Register the server once:

```bash
claude mcp add citesentry \
  -e CITESENTRY_MAILTO=you@example.com \
  -- uvx --from citesentry citesentry-mcp
```

Then in any Claude Code session, ask naturally:

> "Use citesentry to verify this reference: Vaswani et al. (2017). Attention is all you need. NeurIPS."

> "Check whether all the references in refs.bib are real."

> "Is https://arxiv.org/abs/1706.03762 still live?"

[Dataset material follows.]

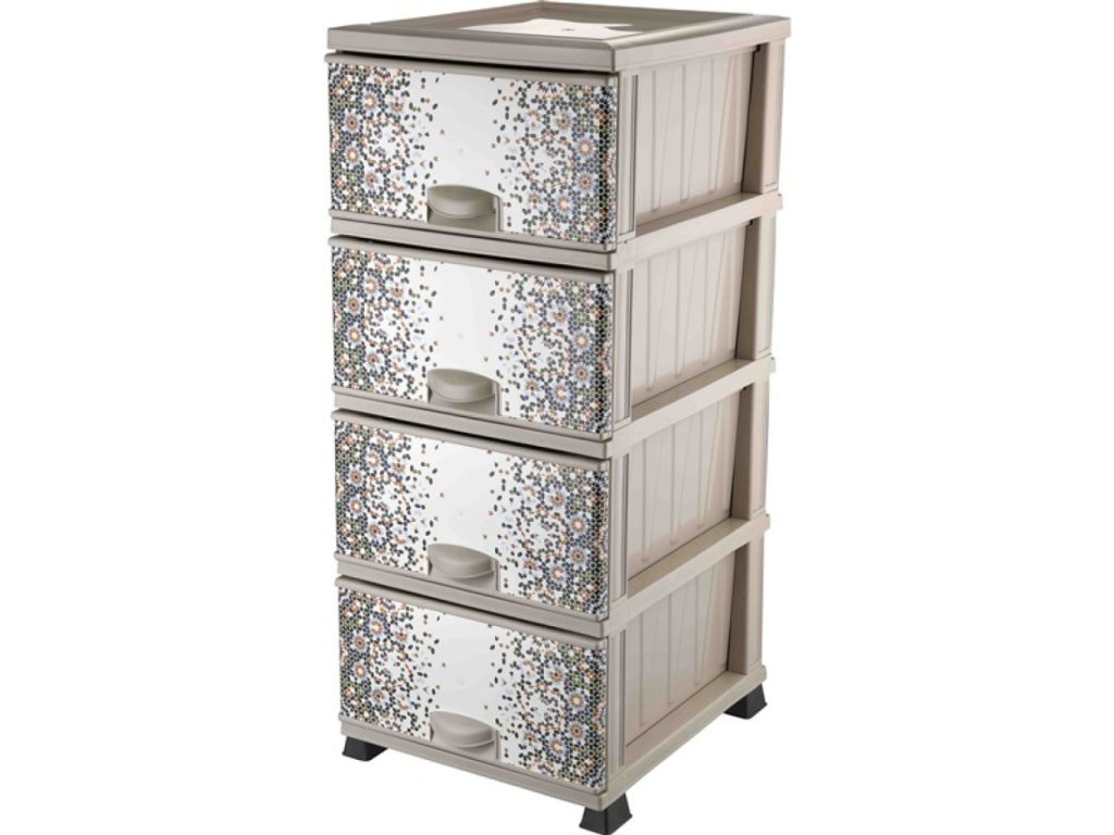 Komód 4 fiókos dekor mintával – többféle színben Strapabíró műanyagból, többféle dekor mintával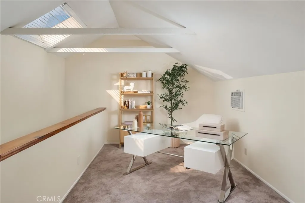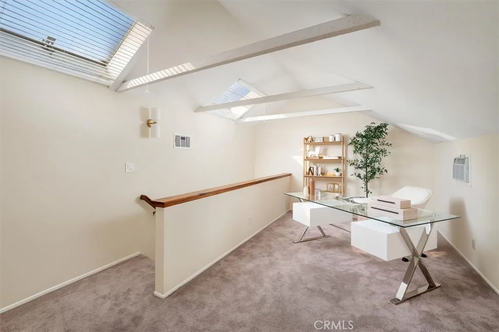 Single story style living with architectural character, a charming front porch, large upstairs loft, pool size backyard, attached two car garage, low HOA, and no Mello Roos in Valencia. This 2 bedroom plus loft, 2 full bathroom home is located in Santa Clarita’s Behind Granary Square neighborhood and offers both bedrooms and both bathrooms on the main level, creating true one level functionality with flexible bonus space upstairs. The living and dining rooms feature high ceilings with exposed beams and abundant natural light, along with a large sliding glass door that opens to a spacious backyard with patio and room for a pool or outdoor entertaining. The primary bedroom includes an attached bathroom and a sliding glass door with direct access to the backyard. A second bedroom and full bathroom are also located downstairs. An inviting front porch adds curb appeal and everyday livability, while the attached two car garage provides convenience. The community offers pools, parks, playground, and access to Valencia’s iconic Paseo system with miles of paved, landscaped, and lighted pathways connecting parks, schools, and neighborhood amenities, along with nearby access to Santa Clarita’s bike path network. Freeway close while still feeling tucked away. Zoned for Valencia Valley Elementary School, Placerita Junior High School, and Hart High School.

### Any MCP-compatible agent (Python example)

```python
import asyncio
from mcp import ClientSession, StdioServerParameters
from mcp.client.stdio import stdio_client

server = StdioServerParameters(
    command="uvx",
    args=["--from", "citesentry", "citesentry-mcp"],
    env={"CITESENTRY_MAILTO": "you@example.com"},
)

async def main():
    async with stdio_client(server) as (read, write):
        async with ClientSession(read, write) as session:
            await session.initialize()

            result = await session.call_tool(
                "verify_reference",
                {"reference": "Vaswani et al. (2017). Attention is all you need. NeurIPS."},
            )
            print(result.content[0].text)

asyncio.run(main())
```

## Environment variables

| Variable | Default | Description |
|---|---|---|
| `CITESENTRY_MAILTO` | `citesentry@example.com` | Polite email for OpenAlex/Crossref API |
| `DEEPSEEK_API_KEY` | — | Required for relevance checks in CLI |
| `DEEPSEEK_BASE_URL` | `https://api.deepseek.com/v1` | OpenAI-compatible endpoint |
| `DEEPSEEK_MODEL` | `deepseek-chat` | Model for relevance judgments |

## Supported input formats

- BibTeX (`.bib`) — via bibtexparser
- RIS (`.ris`) — via rispy; covers Zotero, Mendeley, EndNote, Web of Science
- CSL JSON (`.json`) — Zotero exports
- PubMed NBIB (`.nbib`)
- DOI list (`.txt` with one DOI per line)
- Plaintext reference sections — IEEE, APA, Vancouver, MLA, Chicago; auto-detected
- PDF (`.pdf`) — extracts reference section text via pdfminer.six

## Caching

Results are cached in a SQLite database (`~/.cache/citesentry/cache.db`). Pass `--no-cache` to bypass.